Class Balance Matters to Active Class-Incremental Learning
Zitong Huang, Ze Chen, Yuanze Li, Bowen Dong, Erjin Zhou, Yong Liu, Rick Siow Mong Goh, Chun-Mei Feng, Wangmeng Zuo
TL;DR
The paper tackles Active Class-Incremental Learning (ACIL) by addressing the tendency of traditional active learning to produce class-imbalanced labeled sets that degrade incremental learning. It introduces Class-Balanced Selection (CBS), a clustering-based, KL-divergence-guided greedy sampling strategy that aligns the distribution of selected samples with the unlabeled pool while preserving informativeness, and demonstrates its plug-and-play compatibility with pretrained-model–based CIL methods using prompt tuning (e.g., L2P, DualPrompt, LP-DiF). CBS consistently outperforms random sampling and existing active-learning baselines across five datasets under varying labeling budgets, and gains further when combined with LP-DiF’s unlabeled-data replay mechanism. The work shows that balancing class representation in the annotated pool is crucial for high-quality incremental learning, offering a practical approach to reduce labeling costs while maintaining strong performance in dynamic, multi-session settings.
Abstract
Few-Shot Class-Incremental Learning has shown remarkable efficacy in efficient learning new concepts with limited annotations.

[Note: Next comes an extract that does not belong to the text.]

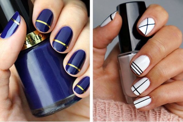Τα γραμμικά σχέδια για τα νύχια είναι εξίσου εύκολα, αρκεί να έχεις ένα μαρκαδοράκι με λεπτή μύτη. Έπειτα, μπορείς να αφήσεις ελεύθερη την φαντασία σου και να κάνεις διάφορες γραμμές.

Nevertheless, the heuristic few-shot annotations may not always cover the most informative samples, which largely restricts the capability of incremental learner. We aim to start from a pool of large-scale unlabeled data and then annotate the most informative samples for incremental learning. Based on this premise, this paper introduces the Active Class-Incremental Learning (ACIL). The objective of ACIL is to select the most informative samples from the unlabeled pool to effectively train an incremental learner, aiming to maximize the performance of the resulting model. Note that vanilla active learning algorithms suffer from class-imbalanced distribution among annotated samples, which restricts the ability of incremental learning. To achieve both class balance and informativeness in chosen samples, we propose Class-Balanced Selection (CBS) strategy. Specifically, we first cluster the features of all unlabeled images into multiple groups. Then for each cluster, we employ greedy selection strategy to ensure that the Gaussian distribution of the sampled features closely matches the Gaussian distribution of all unlabeled features within the cluster. Our CBS can be plugged and played into those CIL methods which are based on pretrained models with prompts tunning technique. Extensive experiments under ACIL protocol across five diverse datasets demonstrate that CBS outperforms both random selection and other SOTA active learning approaches. Code is publicly available at https://github.com/1170300714/CBS.